Woodway’s Carleen Bright Arboretum is hoping to reopen in November after being closed for three years
A $18 million city sewer project with lines running through the arboretum forced the closure in 2019
WOODWAY, Texas (KWTX) - After being closed for nearly three years, the Carleen Bright Arboretum is looking to reopen its gates to the public in November.
That closure was caused by an $18 million sewer project that involved pipes running directly through the arboretum.
Now that the sewer project is finished, they’ve been at work for about six months to get it to where it is now.
“You can see the ash trees, the magnolia trees. We put in redbud trees, we put in red oak trees,” said Jack Stanley, arboretum superintendent.
The Carleen Bright Arboretum is almost ready to reveal itself to the public.
When completed, the project will cost around $800,000.
Completing many of the projects in-house, the arboretum was able to save money and come in under the original budget of $1.5 million.
“Their vision is, really is blowing me away.
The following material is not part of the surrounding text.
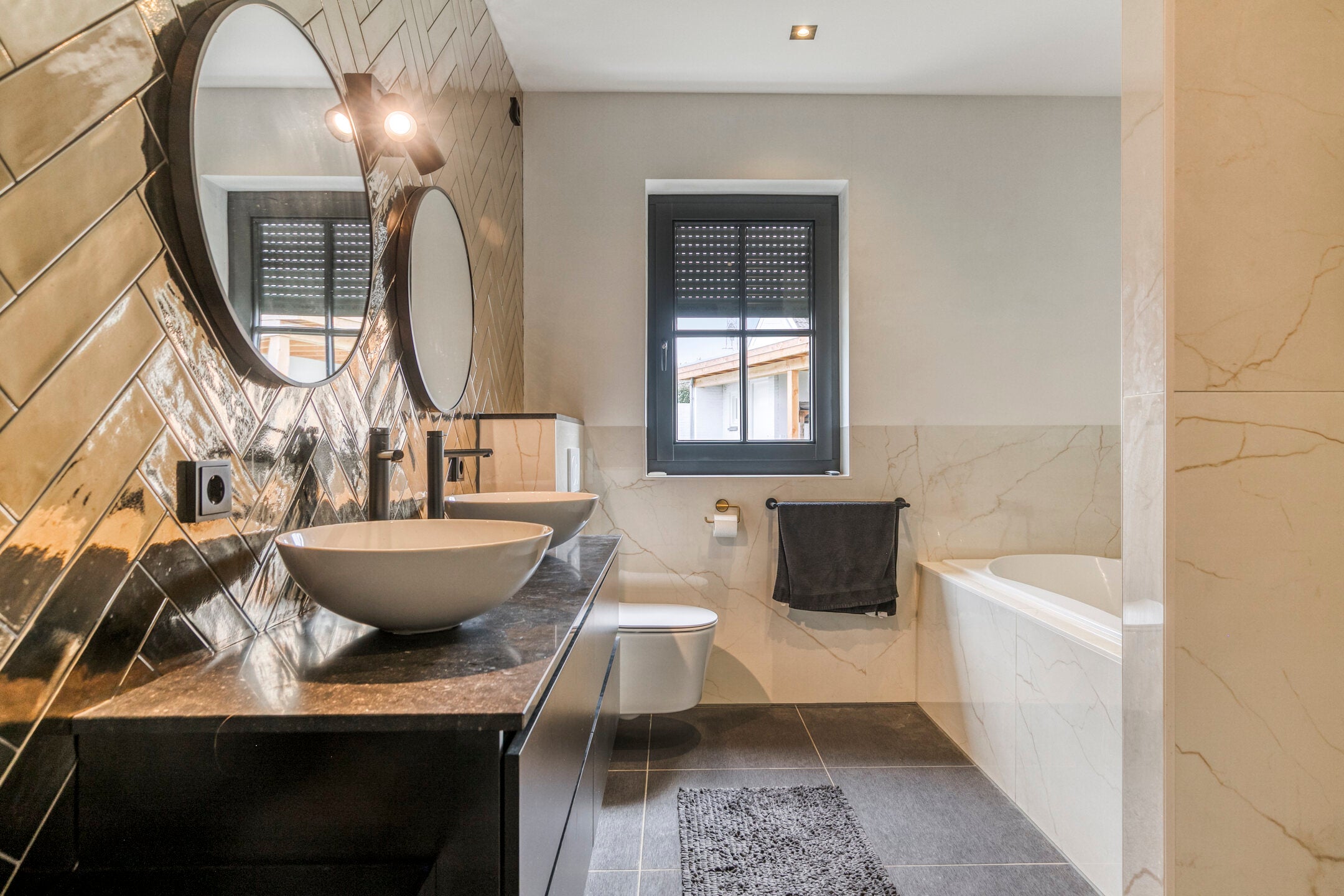 Deze stijlvolle rietgedekte villa in Helmond, gelegen aan Coppesdonk 9, beschikt over een royale inhoud van 1.732 m³ en een woonoppervlak van 477 m². Met zes volwaardige slaapkamers biedt deze woning ruimte voor een groot gezin, waarvan twee op de begane grond. Het souterrain van 124 m², met eigen entree, is veelzijdig en geschikt voor bijvoorbeeld een kantoor of wellnessruimte. De villa is duurzaam gebouwd in 2023 met een A+++ energielabel en is volledig gasloos. Binnen vindt u een woonkamer met een speelse indeling en een elegante visgraat tegelvloer, verbonden met een ruime keuken die van alle luxe voorzien is. De eerste verdieping herbergt vier grote slaapkamers en twee badkamers. In de tuin, op het zuidwesten, zijn twee terrassen waar u van de zon kunt genieten. Een unieke kans voor wie stijlvol en comfortabel wil wonen.

I may see woods, but they see past the woods, they see, ‘let’s take this up and add this and this’ and before you know it, it’s like wow,” said Stanley.
The sewer project that led to the arboretum’s closure had pipes running the length of the area, roughly twenty feet in the ground.
The removal of those pipes led to the removal of hundreds of trees and grass.
“When they did, they took out over 200 trees and there was nothing to do about that. The good news is that when we’re all said and done, we’re going to put back over 320 trees,” said Stanley.
To help restore shade to the area, the Texas A&M Forestry service is donating over two hundred trees to the grounds.
With these upgrades, the arboretum hopes people will maximize their time when visiting.
New splash pads, over 700 sq-ft of gardening space, a veteran’s memorial garden, lounging areas and an improved wedding venue are just some of those additions.
“We wanted to have something for everybody, whether you’re one year old or 80 years old. There’s something out here for you, said Stanley.
The 16-acre space is also adding electrical outlets to various areas to encourage people who need to work or study to utilize the space for extended time.